According to American Airlines, Flight 215 from Orlando to Los Angeles is on time 90% of the time. Suppose 150 flights are randomly selected. Find the probability that few than 125 flights are on time.
To find the probability that fewer than 125 flights are on time, we need to use the binomial probability formula.
The binomial probability formula is given by:
P(X=k) = (n choose k) * p^k * (1-p)^(n-k)
Where:
- P(X=k) is the probability of getting exactly k successes
- n is the total number of trials or flights in this case (150)
- k is the number of successes (flights on time) we are interested in (fewer than 125 in this case)
- p is the probability of success (flight on time), which is 0.90 according to American Airlines
- (n choose k) is the binomial coefficient and can be calculated as n! / (k! * (n - k)!)
Now, let's calculate the probability using this formula:
P(X < 125) = P(X=0) + P(X=1) + P(X=2) + ... + P(X=124)
We can use a statistical calculator or software to simplify this calculation.
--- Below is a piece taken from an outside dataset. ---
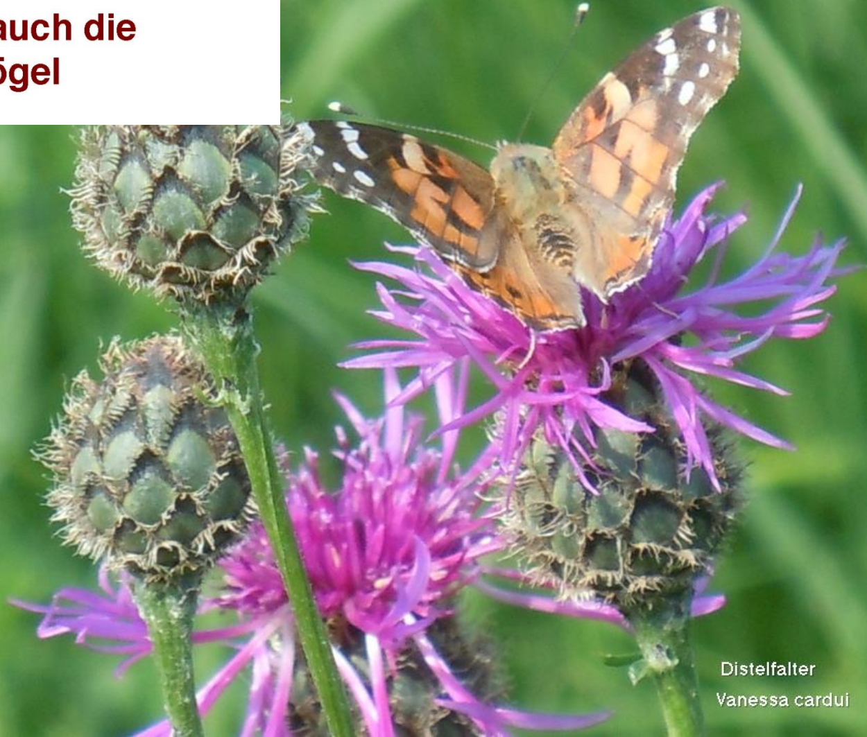
Distelfalter Vanessa cardui

However, I will provide the steps to calculate the probabilities manually.
First, calculate (n choose k) and p^k * (1-p)^(n-k) for each value of k from 0 to 124.
For k = 0:
(n choose k) = 150! / (0! * (150 - 0)!) = 1
p^k * (1-p)^(n-k) = 0.90^0 * 0.10^(150-0) = 0.10^150 = very close to 0
For k = 1:
(n choose k) = 150! / (1! * (150 - 1)!) = 150
p^k * (1-p)^(n-k) = 0.90^1 * 0.10^(150-1) = 0.90^1 * 0.10^149
Repeat this calculation for k = 2 to 124.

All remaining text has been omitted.